Monday, November 26, 2007

Fat facts which nobody can deny

The Hoofnagles are jolly good fellows, debunking those cranky guys who deny that HIV causes Aids and that vaccines save lives and the like, uncovering the tactics they use but they happen to use one of such tactics themselves, cherry picking.

Skepticism is a good thing and vital for science and health, the problem is that those cranks, HIV denialists and antivaxers boast to be the real skeptics. The Hoofnagles try their best debunking those debunkers. Mark Hoofnagle has criticized me for having accepted Sandy Szwarc to Skeptics' Circle. I did so because I share her skepticism in the obesity issue which is an important one in these times. I did so because I think this is sound skepticism, based on facts. And this does not mean that I agree with all statements on her blog.

Mark Hoofnagle has attacked Sandy for a post suggesting that case numbers in various diseases have been increased just by altering the diagnostic criteria. Again, I am not going to comment on non-obesity issues over there because I have not (yet) studied the details. The only point I am going to discuss here is the definition of body mass index (BMI) 25 as general upper limit of normal weight and the claim that every weight beyond that limit is to be called "overweight" and is bad for health.

Such obesity skepticism, in Mark's view, is cranky, and he cites two large studies to back his view. The first one, by Calle and co-workers, has been published in the New England Journal of Medicine 1999. The problem with such old data is that they may be outdated meanwhile because, as has been shown by Flegal and co-workers, the link between obesity and mortality has gotten weaker over time. Therefore I am dealing with the newer one, by Adams and co-workers, published 2006 in the same journal. This study is really impressive; more than half a million men and women have been assessed and followed up to ten years. There are many beautiful cherries to pick from this study. Mark has picked this one.

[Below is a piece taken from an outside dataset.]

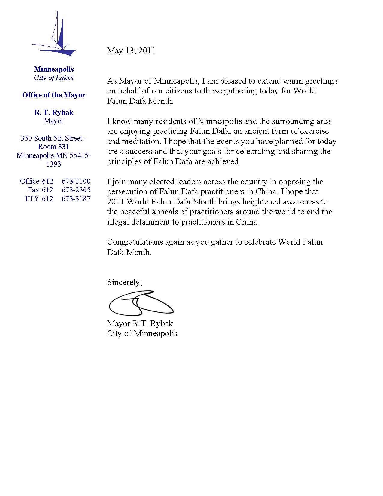 五月十三日是世界法轮大法日,明尼阿波利斯市市长瑞巴克(R.T. Rybak)发来贺信,他并表示,“我加入美国众多民选领导者的队伍,反对中共对法轮功的迫害。”

BMI and mortality picked I must admit this is one of the most beautiful J-curves I have ever seen. It shows the relative risk of death for men aged fifty who never have smoked, plotted against BMI. Mark shows this curve to support BMI 25 as an upper border to bad health. Does it really show this? What I see here is a nadir (lowest value) at BMI 23.5 which could be called the ideal weight for this selected group, only 18 percent of the whole cohort. The upper border of the normal weight range must be defined by the mortality value. For BMI 25 we get a relative risk of less than 1.1 in this curve. Symmetry must be postulated, and we look at the lower BMI value with a relative risk of less than 1.1 which is the case at around BMI 22. In other words, with a postulated upper BMI limit of 25, the corresponding lower limit is 22, leading to a normal weight span of only three BMI points. Such a narrow definition of normal weight cannot make any sense. Rather I would accept a lower limit of normal weight at BMI 20 (according to WHO it is even lower, at 18.5). Our curve shows a relative risk of 1.25 which is again found at BMI 27 at the upper end. Thus, our curve suggests a normal weight range of BMI 20-27 for this specially selected group, but not for women, not for younger or older men, not for those who smoke or who have smoked earlier in their lives. We see, not even this best cherry to be picked is able to support the view that bad health begins at BMI 25.

BMI, mortality and smoking status Now let me pick my own cherries, nota bene from the same study. This one shows the curves for men, based on more than three hundred thousand cases, according to their smoking status. For never smokers, we see an ideal weight of BMI 25 and a "normal" weight range of 21 to 30. For former and current smokers, these values have to be shifted upwards by two BMI points. For a former smoker, a BMI 32 appears to be at the upper end of normal weight, rather than "obesity".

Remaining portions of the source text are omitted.